Table 7. The accuracy of each signal group without processing in proposed mechanism.

	Accuracy w/o Process	MAE w/o Process
Group I	0.84	4.42 ± 8.82
Group II	0.63	9.96 ± 13.86
Group III	0.62	8.37 ± 10.85
Group IV	0.37	14.70 ± 12.79

.

These findings suggest that the proposed mechanism appropriately recommends algorithms based on incoming signal quality. Specifically, we recommend that high-quality signals should not undergo processing, signals of moderate quality should be subjected to simple algorithms (e.g., bandpass filtering), and poor-quality signals should be processed using powerful, energy-intensive algorithm methods. Additionally, we recommend that signals deemed unsalvageable by the current processing approach be discarded to avoid adversely affecting subsequent measurements.

4.5. Limitations

This study faces several limitations. First, the contaminated data generated are solely from typing actions, introducing a limited variety of noise sources. Second, the absence of precise timestamps marking typing actions hinders accurate analysis and evaluation of the typing data’s rejection rate. Without these timestamps, determining when PPG signals transition into a typing state is challenging, complicating the assessment of signal quality. With regards to this, we will refine our experimental setup in future research to include a broader array of noise sources and precise temporal markers to ensure a more detailed and accurate analysis.

5. Conclusions

We presented a quality-aware signal processing mechanism for the application of long-term heart rate monitoring.
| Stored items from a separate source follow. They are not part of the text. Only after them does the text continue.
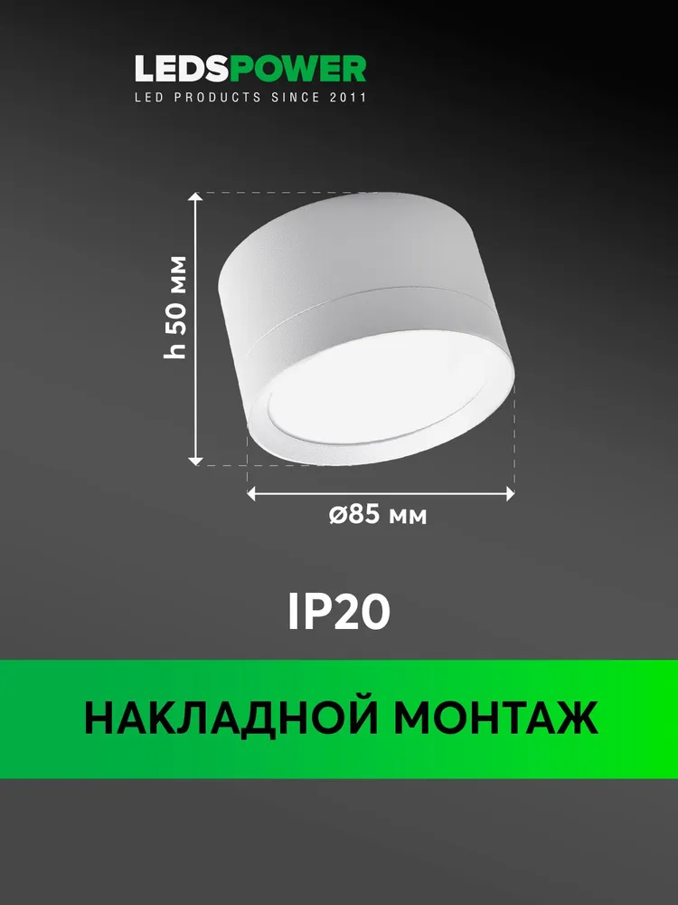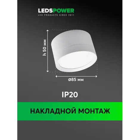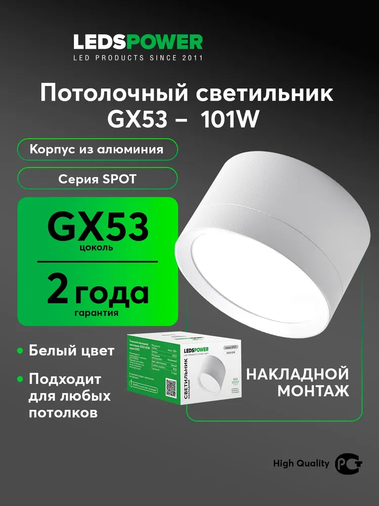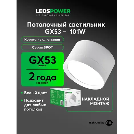 Накладной светильник GX53-101W, серия SPOT GX53 белый матовый. Рекомендуется использовать с лампами LEDS POWER. Подходит для любых типов потолков, в том числе натяжных и гипсокартоновых. Цоколь GX53, монтажное отверстие 90мм.
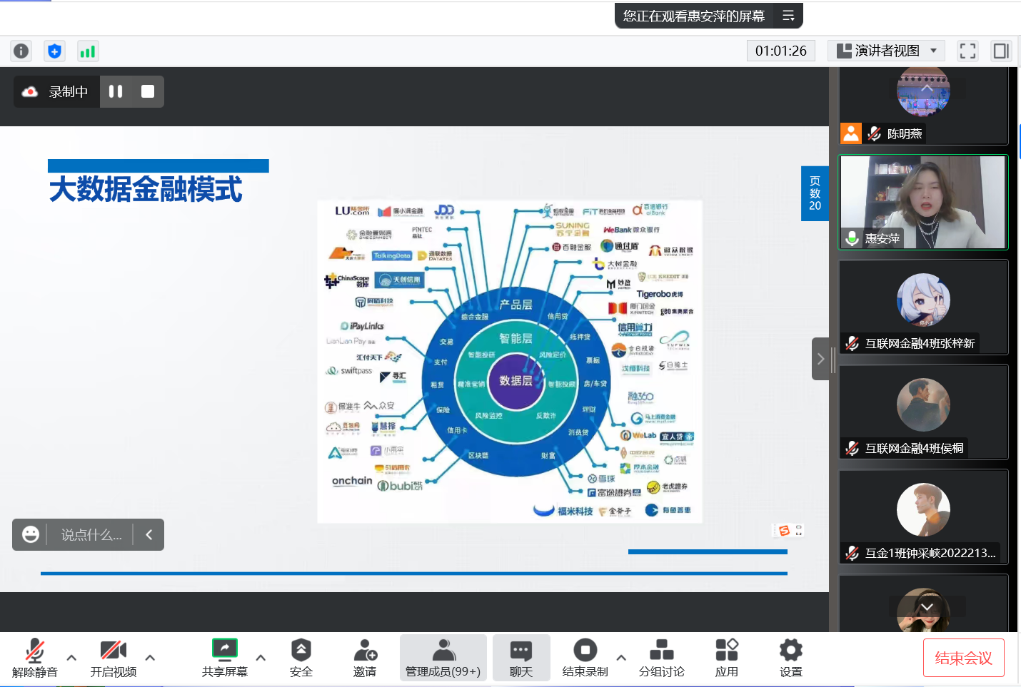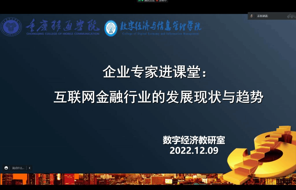 为全面提高数信学院的人才培养质量,使学生了解互联网金融行业的发展趋势、企业的用人需求,促进学生专业技术水平与行业发展接轨,培养学生成为具有商科思维的复合型人才,12月9日下午2点,数字经济与信息管理学院开展了“互联网金融行业的发展现状与趋势”主题讲座。本次活动采用腾讯会议的方式进行,邀请到了中国人民人寿保险股份有限公司重庆市分公司惠安萍老师主讲,由数字经济教研室主任主持,数字经济教研室全体老师、学生代表参加。
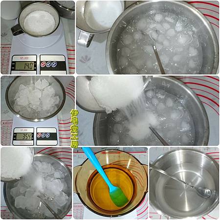 > 將苛性鈉140g分次倒入354g純水冰塊內,攪拌到苛性鈉完全溶解
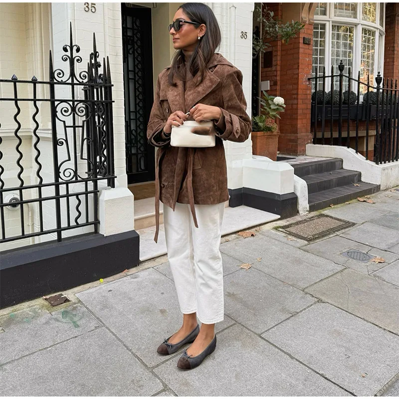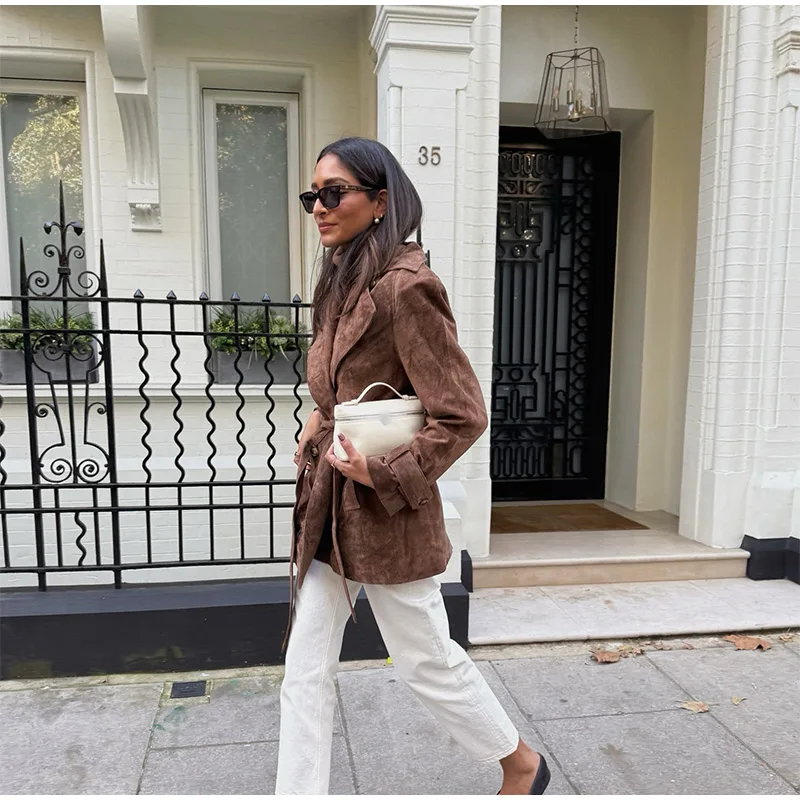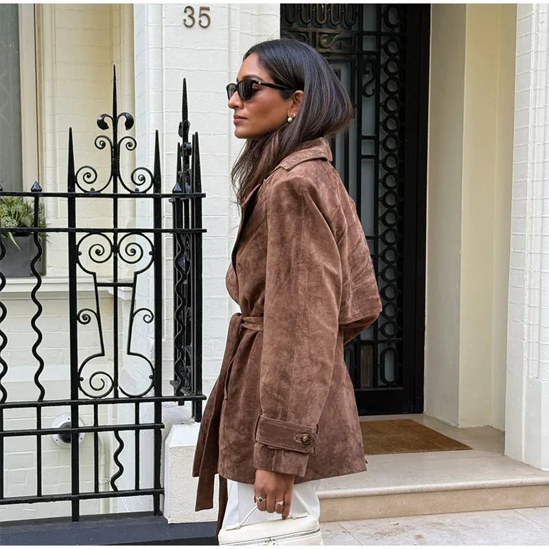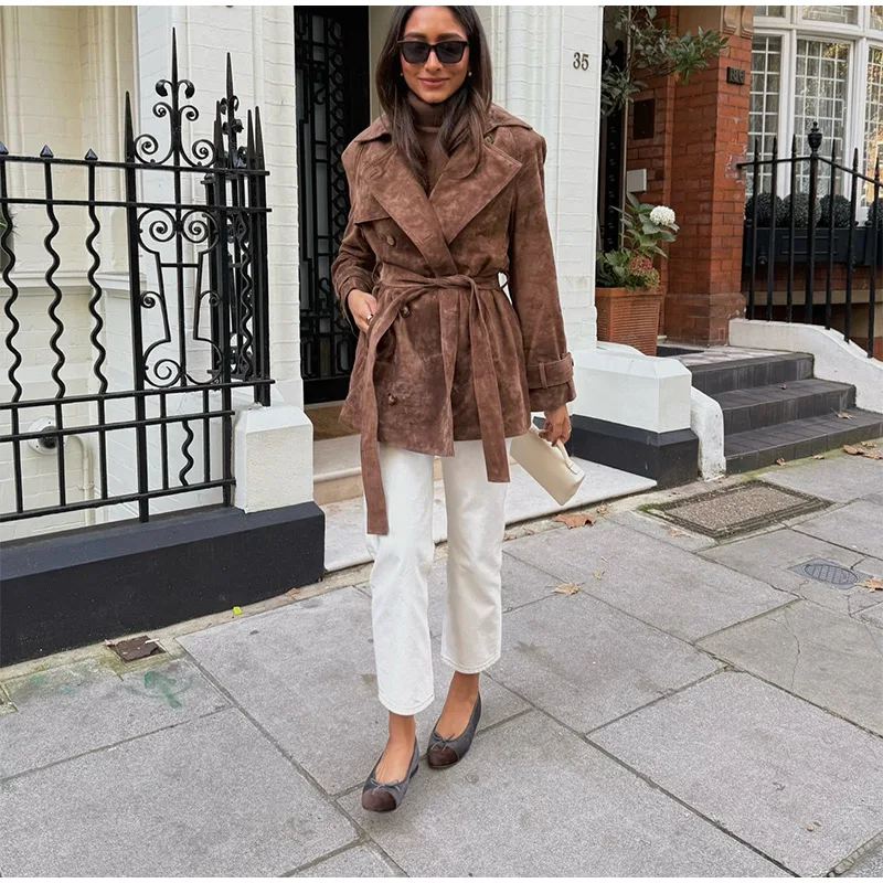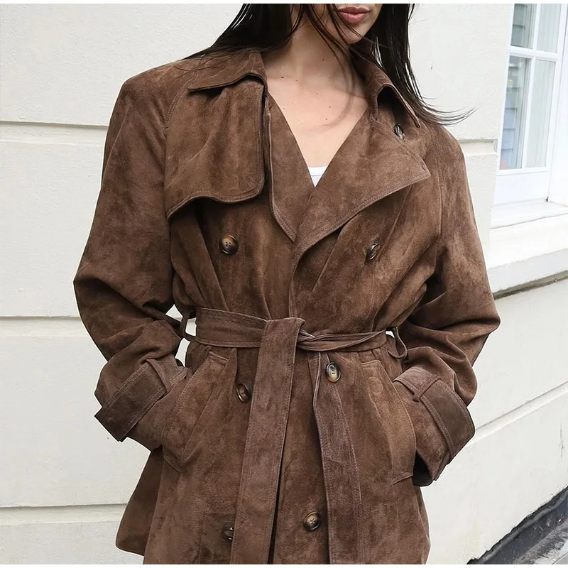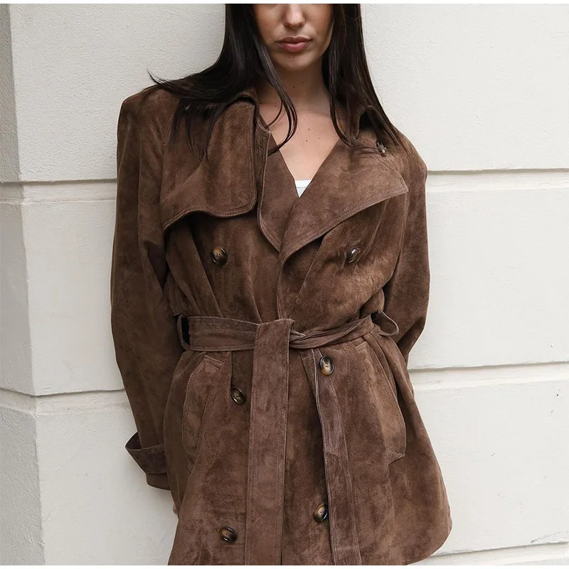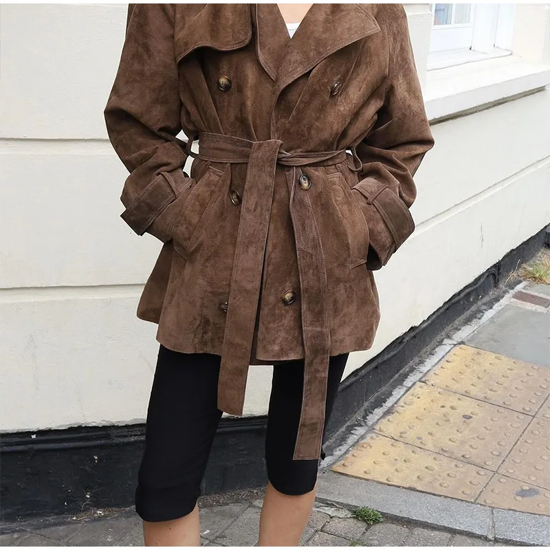 Autumn Fashion Lace Up Lapel Collar Suede Jacket Women Retro Double Breasted Long Sleeve Coat Lady Vintage Chic Windbreaker
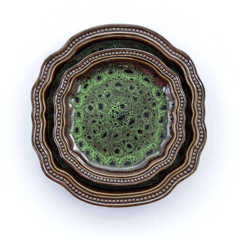 The Elama Jade Waves 16 Piece Dinnerware Set in Green brings a truly stunning accent to your tableware with its unique pattern and texture. The high gloss finish of this luxurious set will tantalize your sense of touch while the bold colors will entice your sense of sight. A textured pattern rim adorning the edges of the dinner and salad plates enhances the luxurious feel of these dinnerware pieces. The same rim runs along the top edge of the mugs to add a special touch complimenting the rest of the set. With a stoneware bowl featuring a matte outer finish which provides you with an delightful anti slip feel, this luxury set is ideal for any occasion from a cozy dinner at home to a large scale event.
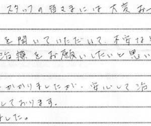 No98「通院で2時間程かかりましたが大変感謝しております」(50代 女性)
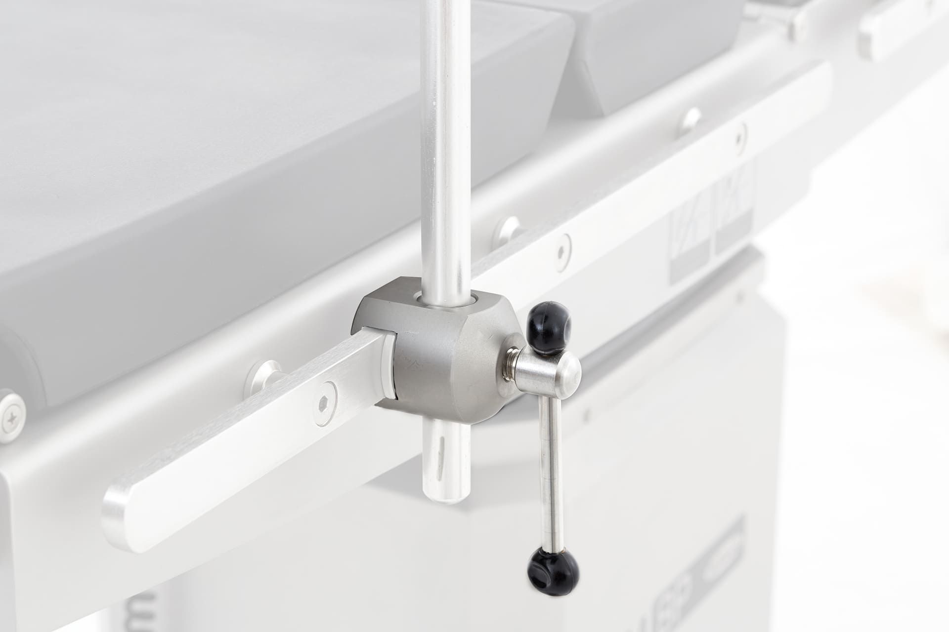 Yuvarlak mil yapısına sahip aksesuarlarla uyumlu olup, 25 x 10 mm standart ameliyat masası ray sistemleri ile tam uyumludur.
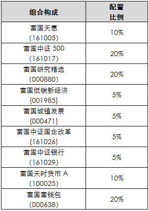 我们的最新推荐为“20%中证500+20%研究精选+10%天惠+5%中证银行+5%中证国企改革+5%低碳新经济+5%城镇发展+20%富钱包+10%天时”。
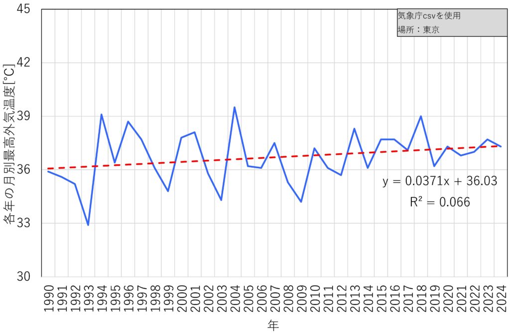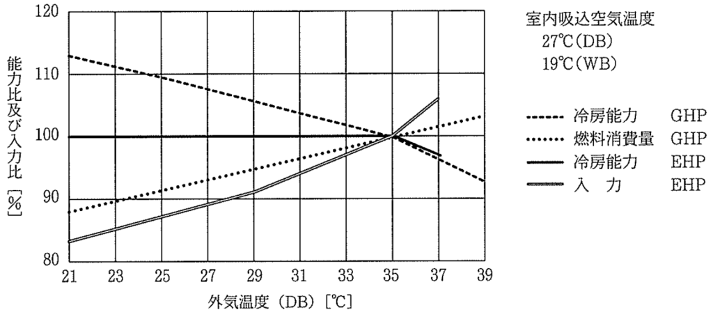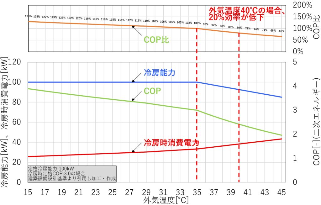 外気温度と電気熱源空冷ヒートポンプのCOPの関係 2025.12.21 こんにちは。年々外気温度が上昇する中で、冷房需要も増大しているのが現状である。そのため、あらかじめ冷房能力に余裕を持たせた空調機器を選定するケースも少なくない。しかし、外気温度の上昇に伴う電気式空冷ヒートポンプの効率低下を十分に考慮していない場合もあるだろう。本稿では、冷房運転時における外気温度と電気熱源空冷ヒートポンプのCOPの傾向について紹介する。 コンテンツ 外気温度の推移外気温度による冷房能力および消費電力、COPの推移外気温度による室外機の補正値外気温度の上昇に伴う冷房能力、消費電力、COP外気温度上昇による電気式空冷ヒートポンプ採用時の注意点まとめ 外気温度の推移 東京における各年の月別最高外気温度を下図に示す。決定係数は必ずしも高くはないが、年々外気温度が上昇している。そのため、一般的に外気温度が上昇するほど、空冷式の空調機器の効率が低下するため、外気温度を考慮して機器選定を行う必要がある。 外気温度による冷房能力および消費電力、COPの推移 外気温度による室外機の補正値 下図に外気温度による室外機の補正値を示す。前述したとおりだが、一般的に外気温度が上昇すると機器能力が低下する。また、外気温度の上昇により消費電力も増えるため、COPが低下する。 図:外気温度による室外機の補正値(出典:建築設備設計基準) 外気温度の上昇に伴う冷房能力、消費電力、COP 定格冷房能力を100kW、冷房時定格COPを3.0とし、建築設備設計基準に基づき、冷房能力と消費電力を補正した図を下図に示す。外気温度が35℃を超えると冷房能力が低下する。また、外気温度が上昇するほど、消費電力が上昇することがわかる。結果として、COPが低下する。例えば、外気温度35℃と外気温度40℃時における冷房能力を比較すると、冷房能力はおおむね10%程度低下することがわかる。また、消費電力は約30%程度増加する。結果として、COPは20%程度低下することが確認できる。 外気温度上昇に伴う各種パラメーターの推移 冷房能力 低下 消費電力 増加 COP 低下 外気温度上昇による電気式空冷ヒートポンプ採用時の注意点 外気温度上昇に伴う電気式空冷ヒートポンプ採用時の注意点を下表に示す。注意点は大きく二点あり、空調機器の効率の低下と消費電力量の増加が挙げられる。水冷式の場合は、外気温度の影響を受けづらい一方で、空冷式の場合は外気温度の上昇に伴い空調効率の低下が顕著である。また、効率が低下することにより消費電力量が増加し、電気代(ランニングコスト)が上昇する。さらに、外気温度が上昇することにより、同じ機器でも最大冷房能力が低下するため、より大きな空調機器を選定する必要があり、イニシャルコストが増加する。 外気温度上昇による電気式空冷ヒートポンプ採用時の注意点 効率の低下 空冷式は水冷式に比べて効率の低下が顕著 消費電力量の増加 効率低下に伴うランニングコストの上昇 空調設備容量の増加 冷房能力補正により空調設備容量の増強が必要 まとめ 本稿では、冷房運転時における外気温度と電気熱源空冷ヒートポンプのCOPの傾向について紹介した。今後も、外気温度が上昇することが想定されるため、長期的な目線も含めた空調計画が重要だろう。

In comparison with OFA (WVL), we achieve an 8.7% accuracy improvement with an additional energy consumption of 28.07 mJ. Conversely, in comparison with OFA (SSA), we achieve a 3.0% accuracy improvement while consuming only 0.1% of the energy consumption of OFA (SSA). The experiment results indicate selectively choosing an algorithm based on signal quality could benefit a good accuracy–energy tradeoff, which fits the application of a long-term monitoring scenario.